Poursuivons la confrontation Spinoza-Nietzsche avec un article de Blaise Benoit : Nietzsche lecteur de Spinoza : réinterpréter la conservation ?
Voir :

https://www.cairn.info/revue-philosophique-2014-4-page-477.htm

L'analyse porte principalement sur la notion de conatus, essentielle dans la philosophie de Spinoza.

Blaise Benoit a écrit: Pourquoi attribuer alors la pulsion d’autoconservation à Spinoza, avec autant d’insistance ? Sans aucun doute parce que ce dernier est le philosophe du conatus, que Nietzsche identifie au seul souci de l’autoconservation. On trouve par exemple dans le fragment n°11 [307] du printemps-automne 1881 cette reformulation nietzschéenne de la célèbre idée spinoziste : « L’essence de chaque chose serait appetitus et […] cet appetitus consisterait à persévérer dans l’existence [im Dasein zu beharren] »  Or, ce souci de la conservation de soi est plutôt développé dans la philosophie de Hobbes, que Nietzsche mentionne rarement, sans développement substantiel en tout cas.
En fait, tout se passe comme si Nietzsche avait interprété le verbe latin perseverare dans le sens d’une volonté de statisme (beharren, surtout entendu au sens de bleiben) et donc d’un appétit de stricte identité à soi, dans l’ordre d’une coupure stricte entre « conserver » et « croître ». Le fragment n°14 [121] du printemps 1888 témoigne de cette assimilation :
La proposition de Spinoza sur la conservation de soi devrait, à vrai dire, mettre un terme au changement [Veränderung] : mais cette proposition est fausse, c’est le contraire qui est vrai. Précisément, tout vivant montre le plus clairement qu’il fait tout non pas pour se conserver [um nicht sich zu erhalten], mais pour devenir davantage [sondern um mehr zu werden] 

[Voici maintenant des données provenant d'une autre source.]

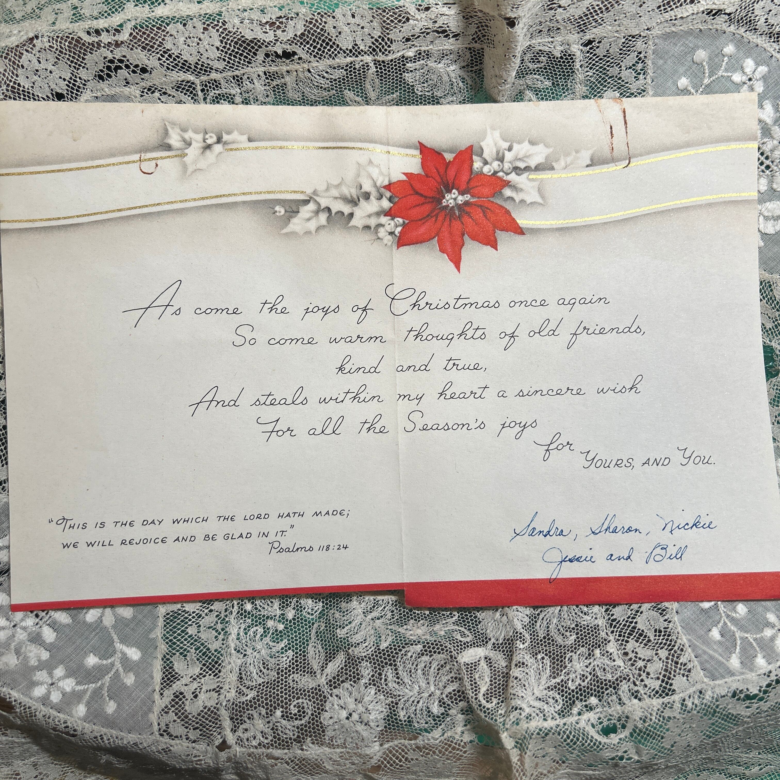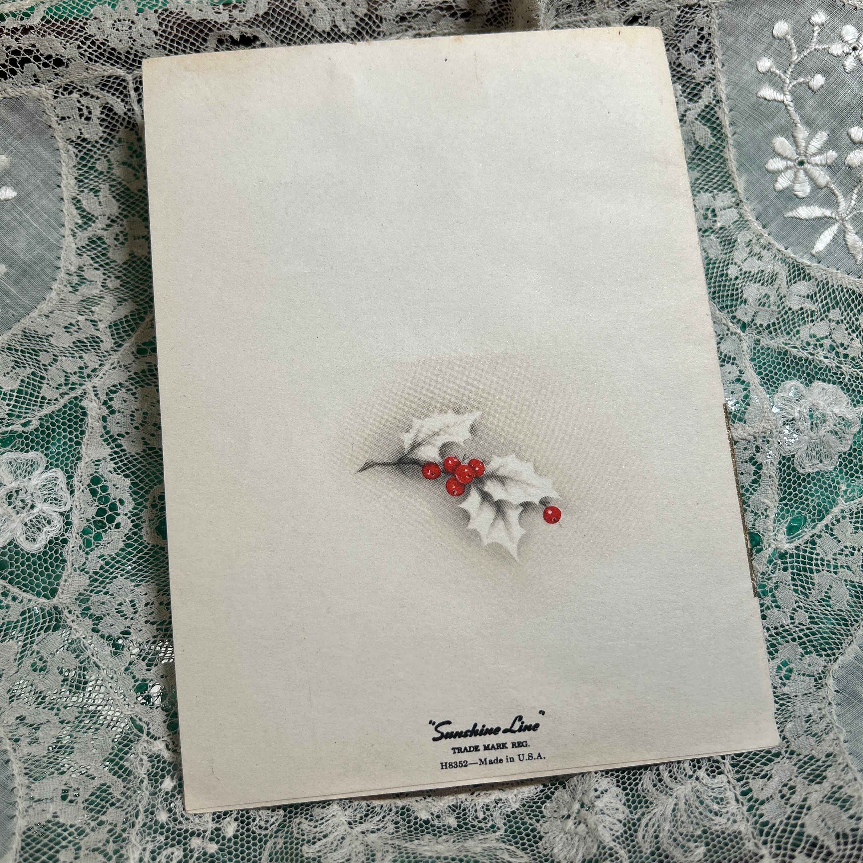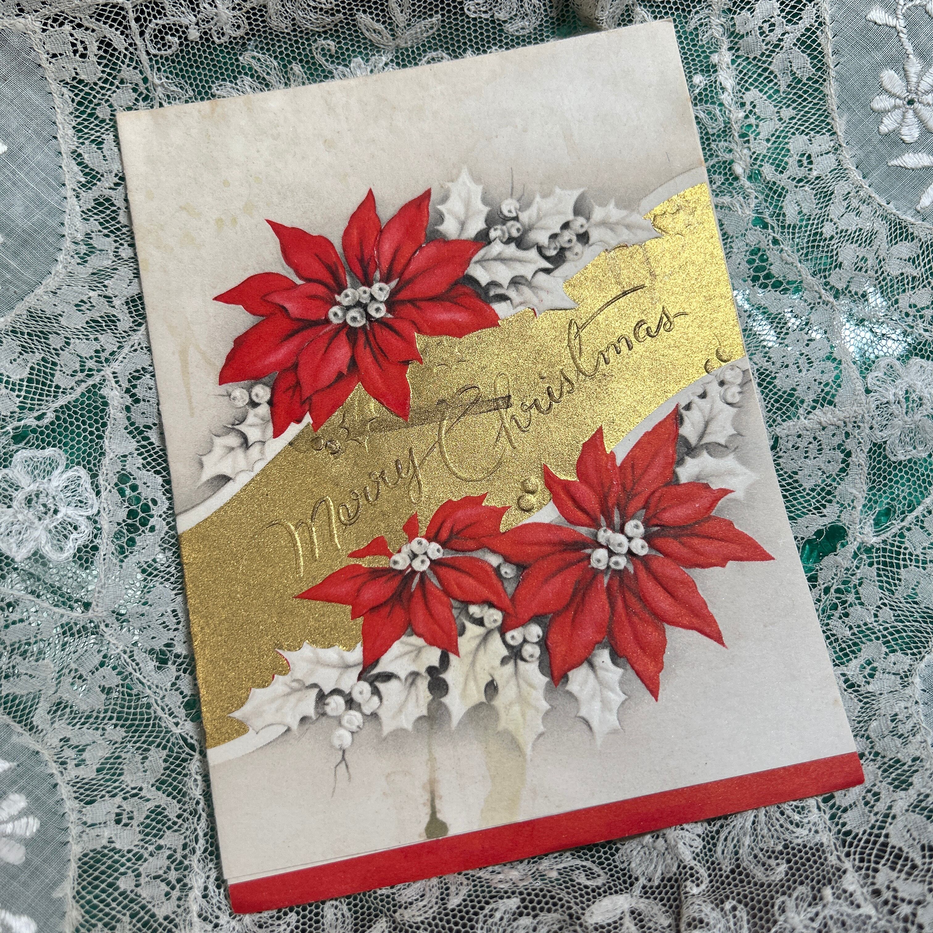 カードのデザインは、手作業で彩色されたようなヴィンテージの風合いが魅力的で、上質な紙に印刷されています。特にポインセチアの赤と緑のコントラストが、クリスマスシーズンの暖かさと華やかさを感じさせます。

B. Benoit signale, dans la note 33, trois commentateurs de Spinoza qui « précisent bien que persévérer dans son être n’équivaut pas nécessairement à persévérer dans son état, dès lors que persévérer dans son être est également compréhensible en termes de mouvement du fini vers l’infini ».
Je me bornerai à citer Pascal Sévérac :

Pascal Sévérac a écrit: Le conatus n’est donc ni un effort procédant du manque, ni un effort attiré par l’excès ; mais il n’est pas non plus l’effort de persévérer simplement dans son état. Le TTP caractérisait l’essence humaine comme principe de maintien de soi dans le statu quo (TTP XVI, 2). Mais une telle définition, qui ferait de l’essence humaine une conservation statique, ne convient plus au dynamisme de l’ontologie déployée dans l’Ethique : la chose est une puissance indéfinie de production d’effets, qui cherche à conserver son être, c’est-à-dire cette puissance même de production d’effets. L’essence actuelle d’une chose singulière est un dynamisme, et du même mouvement, un effort de conservation de ce dynamisme : l’essence actuelle est effort de persévérance, affirmation de soi envers et contre tout, et conséquemment effort de conservation de cette persévérance en soi. C’est pourquoi, si l’état de la chose qui persévère est un état qui amoindrit son être – si c’est un état de tristesse – cette chose ne fera rien moins que conserver cet état ; au contraire, la chose produira tous les efforts possibles, en persévérant dans son être, pour changer d’état, c’est-à-dire pour en acquérir un nouveau, qui soit joyeux. En somme, le conatus d’une chose est un effort de conservation de son état, si et seulement si cet état aide à la conservation de l’être de cette chose – c’est-à-dire, fondamentalement, à l’affirmation de sa puissance d’agir.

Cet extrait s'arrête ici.